1) Be careful defining “conservative”: Gross et al. reject three common definitions of conservative. The first sees the conservative movement as a “backlash” against progressivism (“attempting to stuff a rapidly changing American society back into the box of a white, theologically conservative small-town vision of the good”). They argue this definition assumes static definitions of progressive and conservative, which don’t match the historical reality. The second flawed definition is that conservatives are “supporters of free market capitalism” who simply exploit race and religion to secure working class support. Gross et al. claim that this definition gives short shrift to the sincerity of social claims of the conservative movement. A final definition holds that conservatives have different assumptions about human nature (it’s unchanging) and the moral order (there’s objective morality) from progressives. This definition assumes homogeneity and intellectual coherence within the movement.

Instead, they offer this definition: “conservatism is not a fixed category of belief or practice but a collective identity that evolves in the course of struggles…over meaning…” But it is an identity that is organized through social structures like social networks and formal organizations like the Republican Party or Tea Party groups. So, in analyzing the current situation, we must keep in mind that while conservatives tend to share an identity, ideology is not and never has been uniform either within the movement at any given moment or over time.

2) Framing Matters: One the main points of the article is that sociologists have not sufficiently recognized the contributions of conservative intellectuals to the movement. One of the main tasks for conservative intellectuals was to “[carve] out a viable identity for the movement” that would bridge the divide between libertarians (limited government in both fiscal and social issues) and traditionalists (social issue conservatives with free market concerns).
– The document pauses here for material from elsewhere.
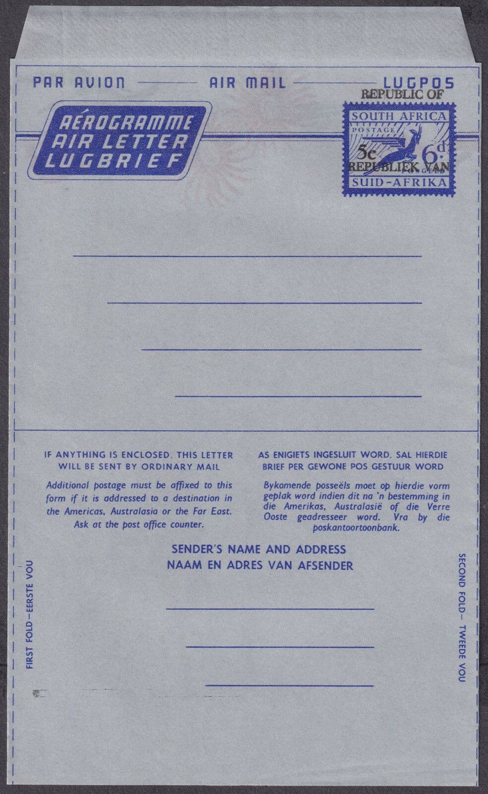 South Africa '5c / Republic of' overprint on 6d Air Letter / Aerogramme; Mint
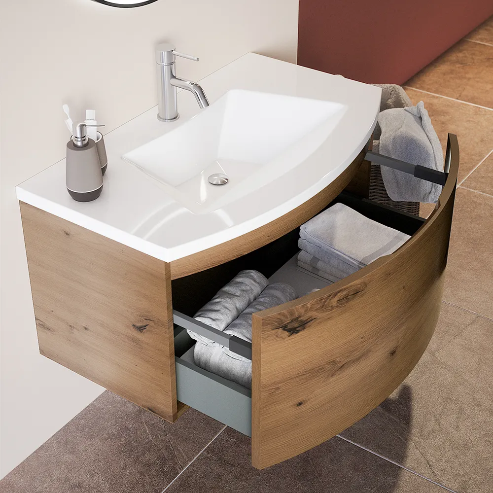 Con il suo design moderno e sinuoso, caratterizzato da un frontale curvo che cattura l'attenzione, questo mobile si distingue per la sua personalità e il suo stile inconfondibile. Il suo ampio cassetto ti consentirà di riporre in modo ordinato tutto ciò che ti serve per la tua routine quotidiana. La chiusura rallentata, inoltre, garantisce una chiusura silenziosa e controllata.

Conservative intellectuals addressed this problem by reframing the concept of “elites” in a way that would satisfy both groups of conservatives:

“The danger in America lay not in great concentrations of wealth but in the growth of a political and cultural elite…that was more cosmopolitan than patriotic, soft on communism, driven to favor ill-fated social engineering schemes, and supportive of pernicious social trends like secularization.”

The success of this particular framing of “elites” help us understand how House Republicans would see themselves as taking a stand against elite power, while their liberal opponents also see themselves as standing up for the little guy.

3) Institutionalization Matters: As a movement almost entirely encased in the Republican Party, unlike, say, Occupy Wall Street, the American conservative movement has typically adopted electoral solutions. In other words, they’ve tried to back candidates and take control of the institutions of government. At the same time, seeking to counter “the dominance of liberal elites” in academia, the media, and policy institutes, conservative intellectuals encouraged the business community to help fund a “conservative counter-establishment.” This meant think-tanks like the Heritage Foundation and media outlets like Fox News. Today, Occupy has left behind some taglines (e.g., “the 99%”), but the radical wing of the conservative movement has a powerful place in Congress. The institutionalization of conservative views in media and think tanks have shaped the prevailing ideas among the conservative movement constituents, but also helped frame debates more widely. In other words, the effort to institutionalize as succeeded.

Taken together, the American conservative movement should be seen as an ever-changing and heterogeneous movement that has adopted effective framing and has been wildly successful in institutionalizing the movement. In other words, the movement has been anything but “crazy.” Holding aside the question of whether the movement’s ideas or tactics are good for society, they have been successful at doing what all movements aim to do: gain power.